(Vibiznews – Commodity) Harga emas berakhir turun pada hari Senin, terpicu kenaikan harga minyak.
Harga emas spot berakhir turun 0,17% pada $4.740,45 per ons.
Harga emas berjangka AS kontrak Juni 2026 berakhir turun 0,42% pada $4.767,4 per ons.
Lihat : Harga Beli Emas Antam Hari Selasa 14 April 2026, Melonjak Rp45.000; Harga Buyback Melonjak Rp54.000
Kenaikan harga minyak mentah pada hari Senin meningkatkan risiko inflasi dan dapat mendorong bank sentral dunia untuk menerapkan kebijakan moneter yang lebih ketat, faktor bearish untuk logam mulia.
Namun pelemahan harga emas berkurang, setelah dolar AS kehilangan penguatan awal dan berbalik melemah.
Demikian juga, kekhawatiran tentang eskalasi perang AS-Iran meningkatkan permintaan logam mulia sebagai aset safe-haven setelah Presiden Trump memerintahkan blokade angkatan laut penuh di Selat Hormuz.
Malam nanti akan dirilis data PPI AS bulan Maret, yang diindikasikan meningkat.
Presiden AS Donald Trump yang mengatakan bahwa Iran masih ingin membuat kesepakatan dan menghubungi AS untuk negosiasi perdamaian saat AS memulai blokade di Selat Hormuz.
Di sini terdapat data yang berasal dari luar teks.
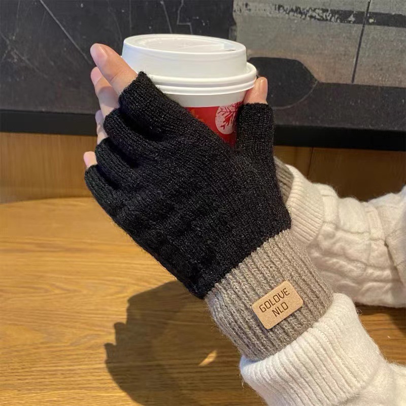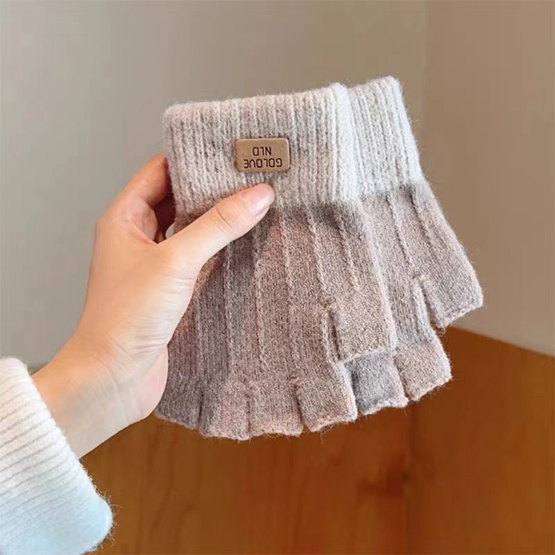 하프 핑거 장갑 여성용 겨울 봉제 따뜻한 글쓰기 학생들을위한 손가락없는 타이핑 반 손가락 노출 긴 장갑 손목 브래지어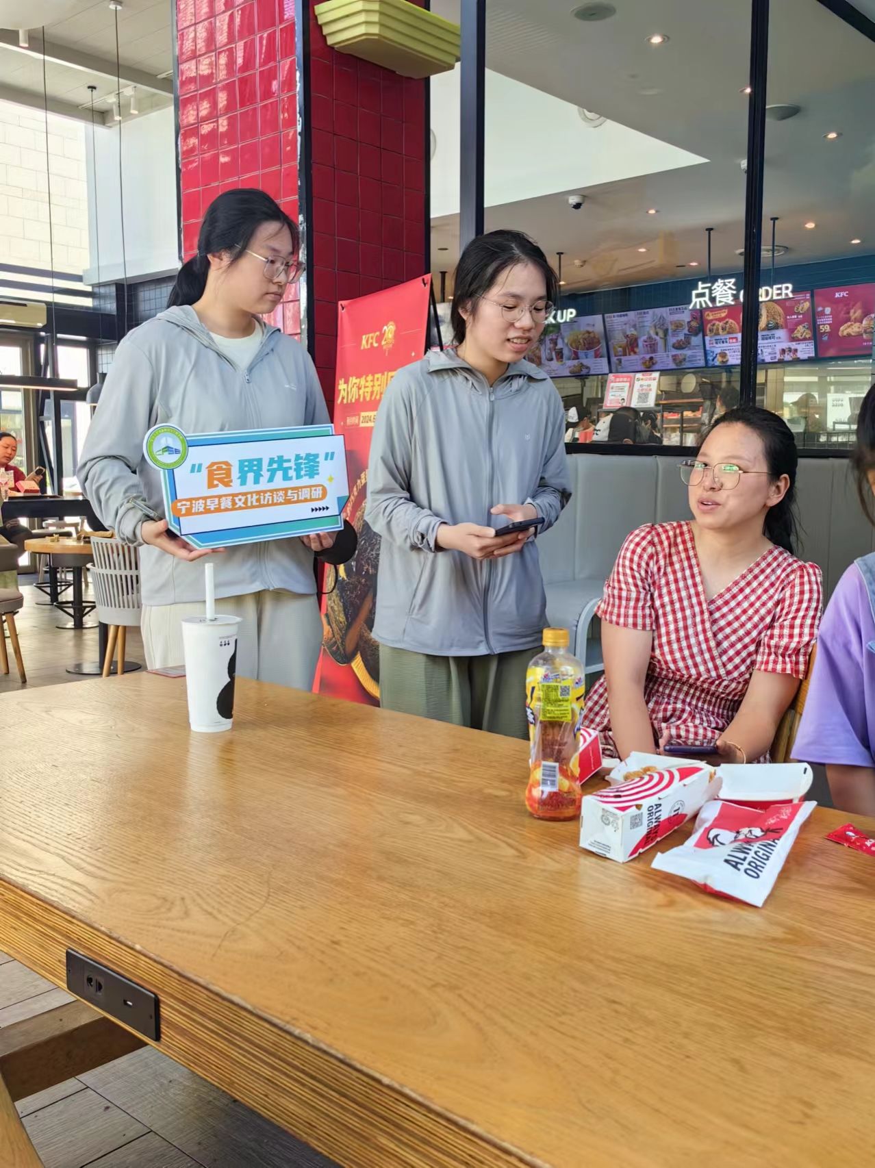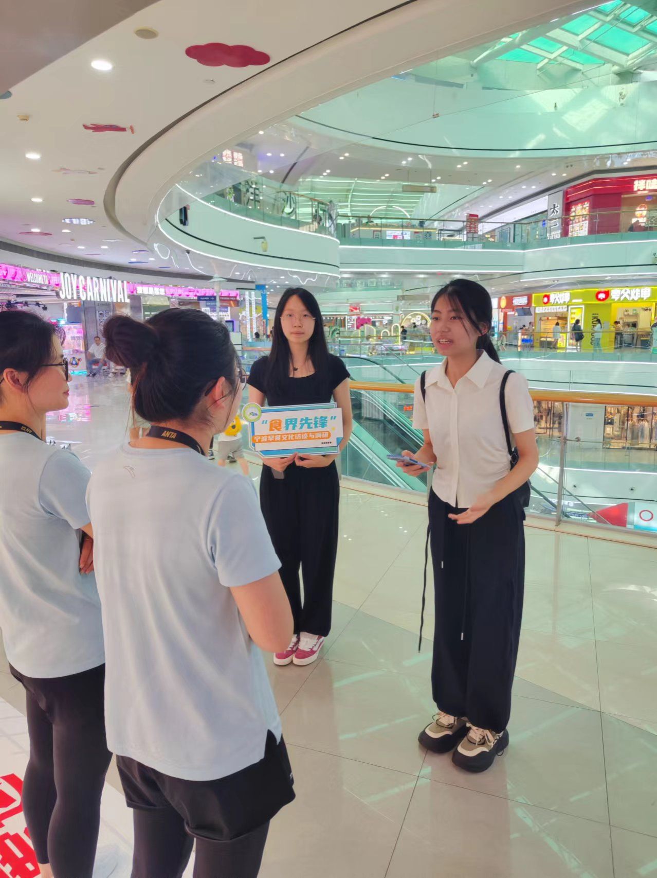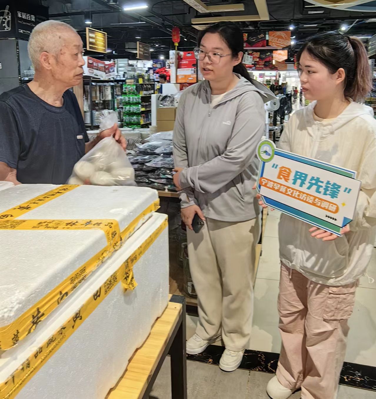 他们不畏酷暑,前往宁波市北仑区银泰百货商场及春晓街道进行访问调查,深入了解宁波市民早餐习惯和搭配理念,探寻甬城早餐文化的魅力,同时线上收集数百个宁波居民对早餐的看法。

Pernyataan Trump memicu penurunan harga minyak dengan harapan negosiasi perdamaian membuka distribusi minyak mentah dapat berjalan lebih baik.
Analyst Vibiz Research Center memperkirakan untuk perdagangan selanjutnya, harga emas akan dapat bergerak naik dengan penurunan harga minyak, dapat memicu penurunan inflasi yang memicu bank sentral global dapat menurunkan suku bunga. Namun jika data PPI AS Maret terealisir naik dan menguatkan dolar AS, akan menekan harga emas.
Harga emas spot diperkirakan bergerak dalam kisaran Resistance $4.779-$4.817. Namun jika turun, akan bergerak dalam kisaran Support $4.674-$4.607.
Harga emas berjangka AS diperkirakan bergerak dalam kisaran Resistance $4.820-$4.873. Namun jika turun, akan bergerak dalam kisaran Support $4.667-$4.568.